You may have to trade off search engine optimization for traffic during peak hours. During a peak site traffic hours, you’ll surely prioritize users over bots to perform actions on your site. So it’s advisable that you adjust the number of times search engine bots visit your site. It’s ok to take a small hit on your site SEO than asking a user to wait for a few minutes.

Identify referral source

At a time when you want your users to take full advantage of the site, you may want to limit the number of referral visits. If you find a sudden spike from a social media platform, you may want to call that bot traffic and limit their visit. This will keep the flow of direct visits steady without creating any hurdle for direct visitors from using the site features.

Optimize applications

When the choice is between performance and aesthetics, you may want to prioritize performance. If your monitoring reveals that turning off applications such as “Show all”, or “Hover pop up” will balance out the load, then it’s better to turn them off. Even, modifying the number of characters and time before look up helps you saving critical capacity that you may turn towards managing the spike.

Traffic throttle

Remember the first point, monitoring traffic load. In case you find your site in a situation where the allowed load limit is at the breaking point, you may want to implement a traffic throttle. Keep in mind, this is an ultimate fall back option. In such a situation, you need to be super sensitive to the users who are waiting for your site to download and find an error page. Get your in-house copywriters to craft an appealing and empathetic apology note. Talk to your marketing team to find out if the current discount can be extended to users who leave their email id. Or simply, request your users to wait and assure them that the page will load shortly.

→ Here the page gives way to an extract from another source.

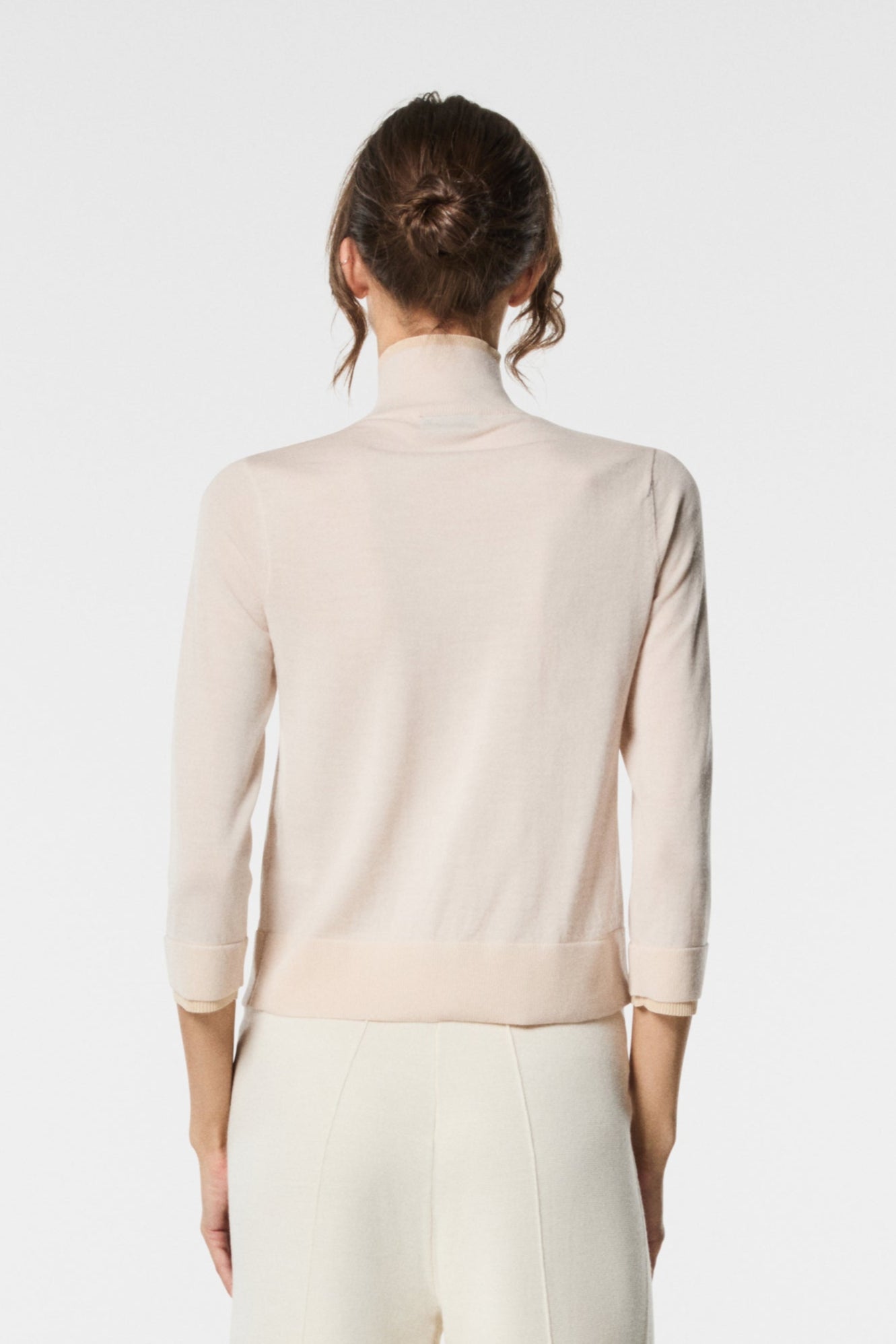 Maglia a collo alto con manica 3/4 in pura lana merino, morbida e traspirante. Un capo elegante e versatile, perfetto per creare look casual-chic o sofisticati senza rinunciare al comfort.

Although Target Lilly Pulitzer launch incident is old and will grow in years with time, the incident will remain as the classic case of peak performance failure. To prevent a fate as horrendous, it’s natural that you’ll plan to manage peak site traffic well in advance. On the other hand, your vibrant business and site will disrupt the plan introducing new changes every month. Hence, the plan and actions to manage peak site traffic shouldn’t be considered as a one-time event. They should rather be taken as the cogs in the wheel of maintenance that is on a never-ending roll.